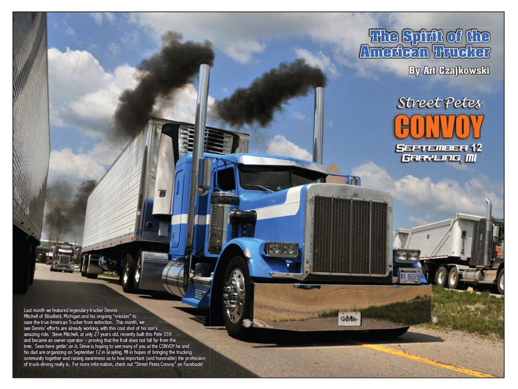 Last month we featured legendary trucker Dennis Mitchell of Blissfield, Michigan and his ongoing “mission” to save the true American Trucker from extinction. This month, we see Dennis’ efforts are already working, with this cool shot of his son’s amazing ride. Steve Mitchell, at only 27 years old, recently built this Pete 359 and became an owner operator – proving that the fruit does not fall far from the tree. Seen here gettin’ on it, Steve is hoping to see many of you at the CONVOY he and his dad are organizing on September 12 in Grayling, MI in hopes of bringing the trucking community together and raising awareness as to how important (and honorable) the profession of truck-driving really is. For more information, check out “Street Petes Convoy” on Facebook!
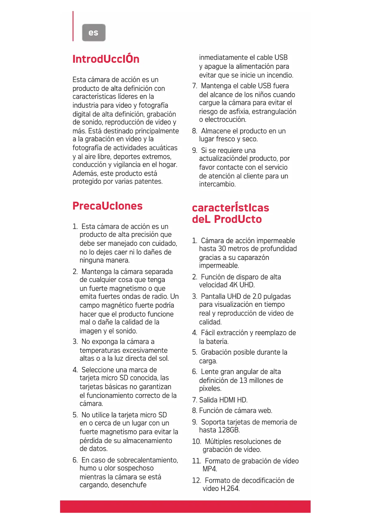 Lente 170 grados A + lente gran angular de alta resolución Idiomas Inglés/Francés/Alemán/Español/Italiano/ Portugués/Holandés/Polaco/ Húngaro/Checo/Ruso Resolución de vídeo 4K (3840 x 2160) 30fps 2.7K (2704 x 1520) 30fps 1440P (1920 x 1440) 60fps/30fps 1080P (1920 x 1080) 60fps/30fps 720P (1280 x 720) 120fps/60fps/30fps Formato de vídeo MP4 Formatos de compresión de vídeo H.265/H.264 Resolución de la foto 20M/12M/8M/5M/3M Medio de almacenamiento Micro SD(TF) Modo de rodaje Captura única/Temporizador (3/5/10/20 segundos) Frecuencia de la fuente de luz 50Hz/60Hz Puerto USB
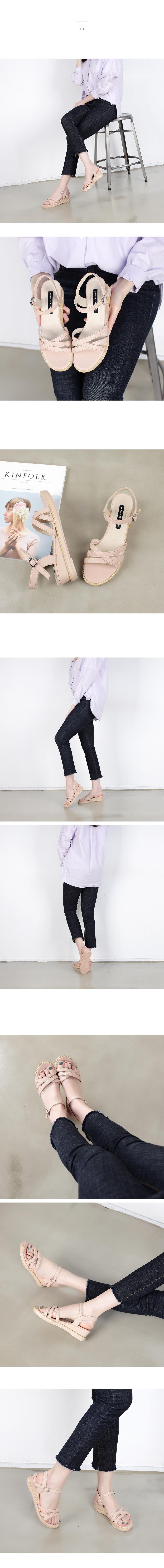 여자끈샌들 슈즈 끈샌들 앵글 통굽 여성 빅사이즈 힐 이미지/
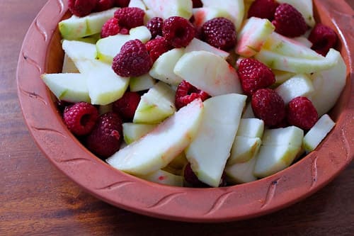 Mix in your raspberries before tipping the fruit mixture into the baking dish. Pat everything down so it covers the bottom of the dish.
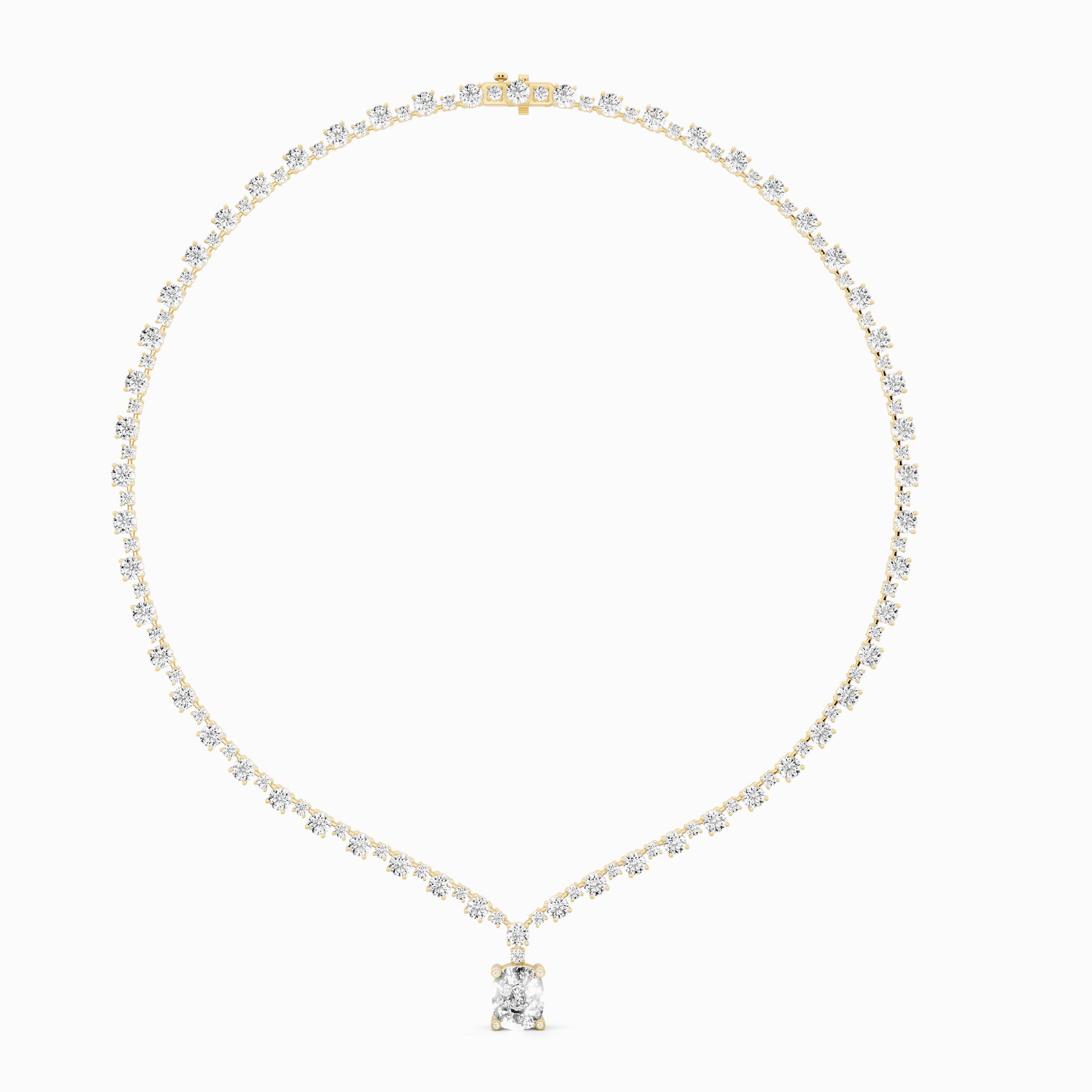 Inspired by the delicate bloom of a rare flower, the Valeriana necklace features a cushion-cut diamond at its heart, accented by 113 round-cut diamonds, totaling 22 carats of radiant brilliance. Each diamond catches the light, twinkling like morning dew reflecting timeless beauty.
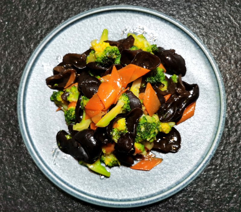 3:西蓝花和木耳一起下锅烫2分钟。
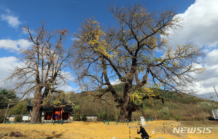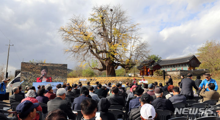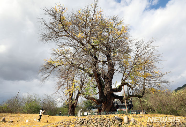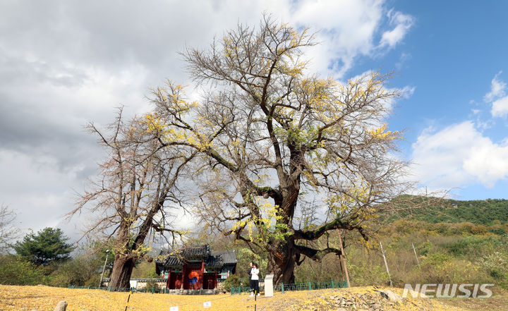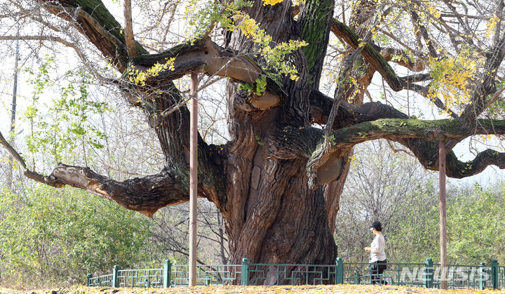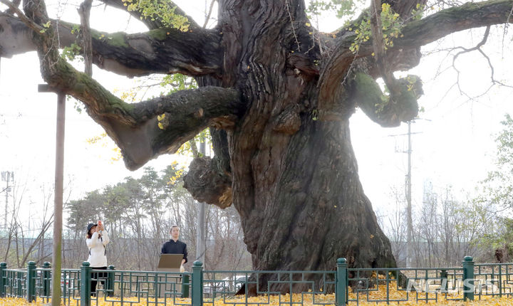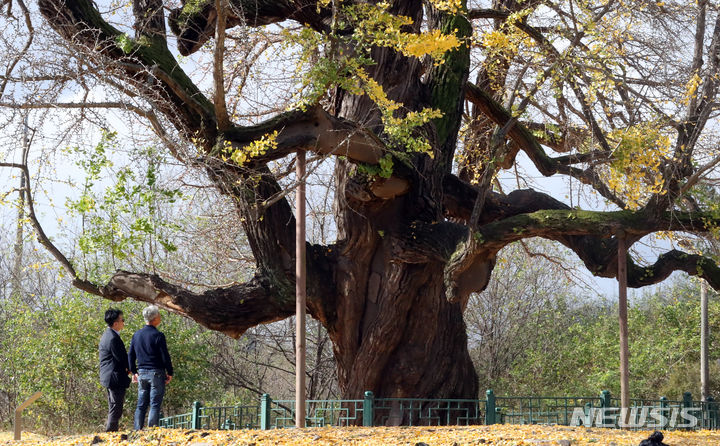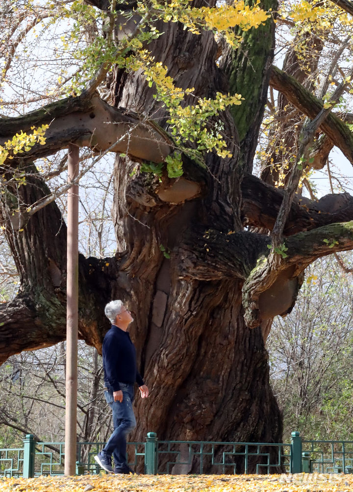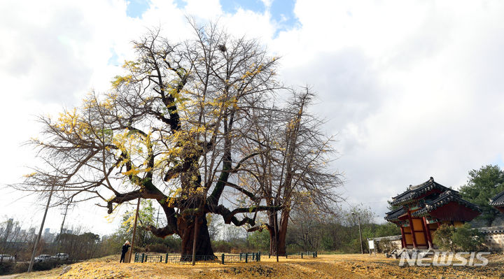 「雌雄一対の木」という他では見られない特徴と、轉月山のすそ野にある崇慕閣と調和をなす景観的価値が認められ、昨年5月12日に天然記念物指定を受けた「林蘭秀のイチョウ」(世宗市世宗洞)。この木は、高麗末の忠臣・林蘭秀(イム・ナンス)将軍=1342-1402=が、当時の公州牧三岐村に下り、王のことを思って植えた雌雄一対の木で、樹齢600年以上になる老大木だ。
::::::::
= Work item =
Restate word for word, please, the line containing "여자끈샌들 슈즈 끈샌들 앵글 통굽 여성 빅사이즈 힐 이미지/" and all lines after it through the end of the material; the pictures do not belong in the copy.

= Written solution =
 여자끈샌들 슈즈 끈샌들 앵글 통굽 여성 빅사이즈 힐 이미지/
 Mix in your raspberries before tipping the fruit mixture into the baking dish. Pat everything down so it covers the bottom of the dish.
 Inspired by the delicate bloom of a rare flower, the Valeriana necklace features a cushion-cut diamond at its heart, accented by 113 round-cut diamonds, totaling 22 carats of radiant brilliance. Each diamond catches the light, twinkling like morning dew reflecting timeless beauty.
 3:西蓝花和木耳一起下锅烫2分钟。
 「雌雄一対の木」という他では見られない特徴と、轉月山のすそ野にある崇慕閣と調和をなす景観的価値が認められ、昨年5月12日に天然記念物指定を受けた「林蘭秀のイチョウ」(世宗市世宗洞)。この木は、高麗末の忠臣・林蘭秀(イム・ナンス)将軍=1342-1402=が、当時の公州牧三岐村に下り、王のことを思って植えた雌雄一対の木で、樹齢600年以上になる老大木だ。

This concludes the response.